“Oh, we got both kinds”, the waitress in the Blues Brothers movie explains to Jake and Elwood. “We got Country AND Western.”
At ECT, we can also offer both: CAPEX and OPEX, depending on what our customers need. CAPEX are capital expenditures, i.e. customers buy the whole platform with the product from us. We install a system, provide maintenance and the operator creates revenue with it. That’s a business model for customers that prefer to make a larger investment, pay for it in one go and then own the system with the value-added service they’re offering. It is the model most customers opt for.
But we wouldn’t be ECT if we were unable to help carriers who are reluctant to pay for an investment instantly and who want to see how business evolves. For these customers we offer OPEX, i.e. operational expenditures. Here, ECT owns the platform, installs it with the client and participates in the client’s revenue. We take part of the entrepreneurial risk and if the service works well, we and the operator benefit.
Pros and Cons of CapEx and OpEx
There are pros and cons for both models. It depends on the carrier’s business case, which approach works better. If you opt for CAPEX, you have invested in new equipment which on your books and has to be depreciated but at the end of the day it’s yours. Plus, it’s up to you to choose the level of service and maintenance that you think is necessary. It’s an additional service that we offer.
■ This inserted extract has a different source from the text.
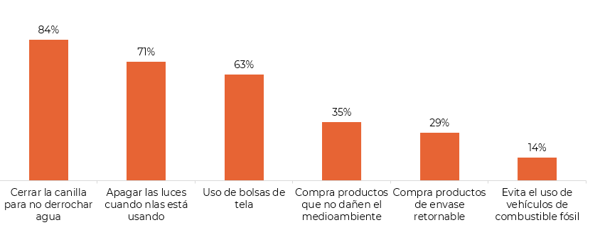 Acciones tales como el cuidado de la energía eléctrica o del agua, suelen realizarse por un gran porcentaje de la población y así se observa en las últimas mediciones. El uso de la bolsa de tela, que significaría una reducción en el uso de bolsas de plástico, se ha mantenido estable cerca del 60%. Sin embargo, son considerablemente inferiores los porcentajes de personas que realizan algunas otras prácticas, tales como clasificación de residuos, actividades de reciclado, elección de productos en envases retornables o envases reciclados.

With an OPEX business model you won’t have additional equipment on your balance sheet. We charge a set up fee plus a monthly fee and provide maintenance. Critics of OPEX may say, you have to share a portion of the money you earn with the system, but at the end of the day, your investment is not particularly high and you not only share revenue with us but also part of the risk.
So, whatever your business case is, whatever your situation may be, we can offer a business model that meets your demands and is mutually beneficial at the end. We got both kinds; Country and Western.